── Raw data
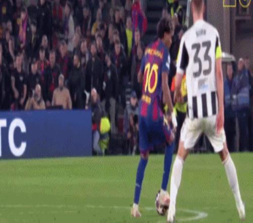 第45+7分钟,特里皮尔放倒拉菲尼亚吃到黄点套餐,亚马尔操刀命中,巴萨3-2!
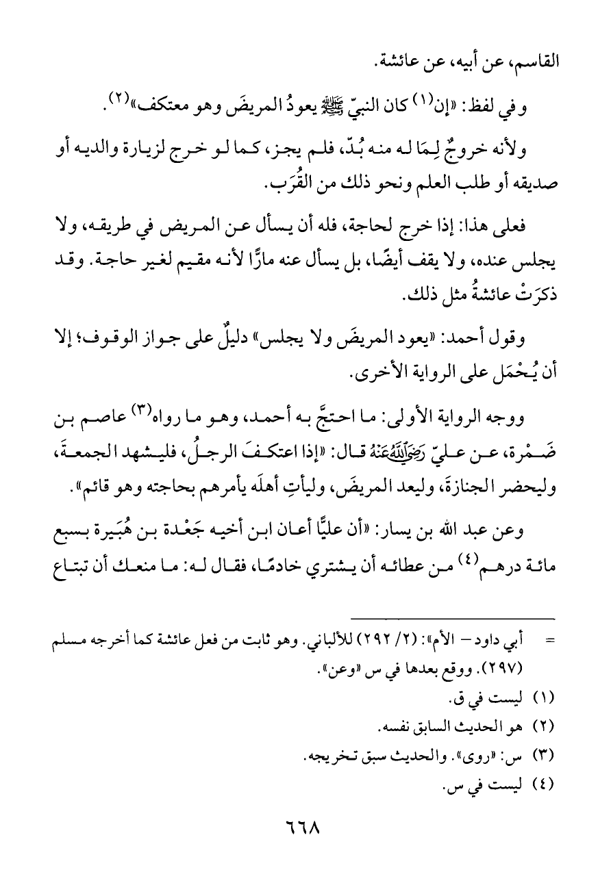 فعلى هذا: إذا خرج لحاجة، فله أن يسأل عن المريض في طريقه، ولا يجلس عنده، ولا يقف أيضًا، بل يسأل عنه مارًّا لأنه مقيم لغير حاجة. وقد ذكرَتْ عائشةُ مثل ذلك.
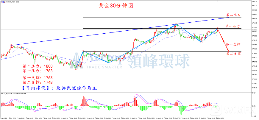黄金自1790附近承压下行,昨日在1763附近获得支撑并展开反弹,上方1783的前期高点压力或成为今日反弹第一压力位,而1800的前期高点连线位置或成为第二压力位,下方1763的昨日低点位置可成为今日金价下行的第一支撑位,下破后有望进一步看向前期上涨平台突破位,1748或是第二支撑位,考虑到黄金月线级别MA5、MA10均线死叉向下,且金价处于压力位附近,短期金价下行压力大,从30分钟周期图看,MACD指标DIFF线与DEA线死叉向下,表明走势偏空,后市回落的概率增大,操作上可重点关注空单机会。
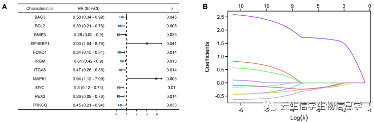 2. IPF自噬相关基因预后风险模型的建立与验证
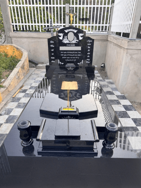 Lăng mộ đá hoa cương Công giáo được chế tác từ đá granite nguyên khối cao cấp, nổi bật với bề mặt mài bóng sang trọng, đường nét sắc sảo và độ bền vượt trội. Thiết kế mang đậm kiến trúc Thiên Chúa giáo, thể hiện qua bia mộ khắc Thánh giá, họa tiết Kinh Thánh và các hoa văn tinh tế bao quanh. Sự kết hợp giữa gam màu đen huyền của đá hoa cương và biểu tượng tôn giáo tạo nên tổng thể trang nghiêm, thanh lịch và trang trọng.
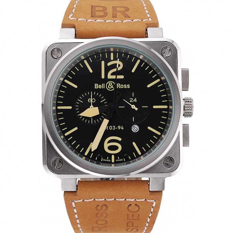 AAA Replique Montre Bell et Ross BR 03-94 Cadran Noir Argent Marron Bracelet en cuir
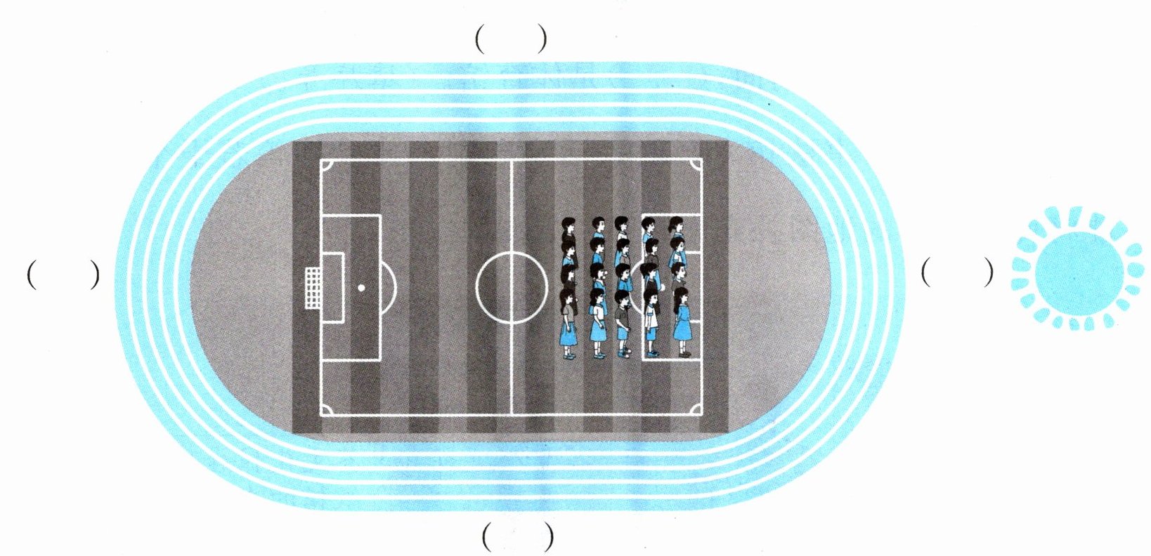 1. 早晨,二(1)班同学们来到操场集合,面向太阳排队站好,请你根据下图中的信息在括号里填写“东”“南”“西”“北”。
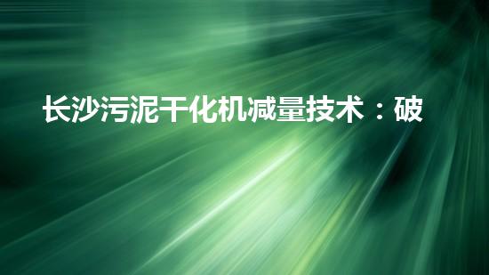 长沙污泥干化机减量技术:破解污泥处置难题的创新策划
────
Please write the data out again exactly, but do not carry over the pictures.

 第45+7分钟,特里皮尔放倒拉菲尼亚吃到黄点套餐,亚马尔操刀命中,巴萨3-2!
 فعلى هذا: إذا خرج لحاجة، فله أن يسأل عن المريض في طريقه، ولا يجلس عنده، ولا يقف أيضًا، بل يسأل عنه مارًّا لأنه مقيم لغير حاجة. وقد ذكرَتْ عائشةُ مثل ذلك.
黄金自1790附近承压下行,昨日在1763附近获得支撑并展开反弹,上方1783的前期高点压力或成为今日反弹第一压力位,而1800的前期高点连线位置或成为第二压力位,下方1763的昨日低点位置可成为今日金价下行的第一支撑位,下破后有望进一步看向前期上涨平台突破位,1748或是第二支撑位,考虑到黄金月线级别MA5、MA10均线死叉向下,且金价处于压力位附近,短期金价下行压力大,从30分钟周期图看,MACD指标DIFF线与DEA线死叉向下,表明走势偏空,后市回落的概率增大,操作上可重点关注空单机会。
 2. IPF自噬相关基因预后风险模型的建立与验证
 Lăng mộ đá hoa cương Công giáo được chế tác từ đá granite nguyên khối cao cấp, nổi bật với bề mặt mài bóng sang trọng, đường nét sắc sảo và độ bền vượt trội. Thiết kế mang đậm kiến trúc Thiên Chúa giáo, thể hiện qua bia mộ khắc Thánh giá, họa tiết Kinh Thánh và các hoa văn tinh tế bao quanh. Sự kết hợp giữa gam màu đen huyền của đá hoa cương và biểu tượng tôn giáo tạo nên tổng thể trang nghiêm, thanh lịch và trang trọng.
 AAA Replique Montre Bell et Ross BR 03-94 Cadran Noir Argent Marron Bracelet en cuir
 1. 早晨,二(1)班同学们来到操场集合,面向太阳排队站好,请你根据下图中的信息在括号里填写“东”“南”“西”“北”。
 长沙污泥干化机减量技术:破解污泥处置难题的创新策划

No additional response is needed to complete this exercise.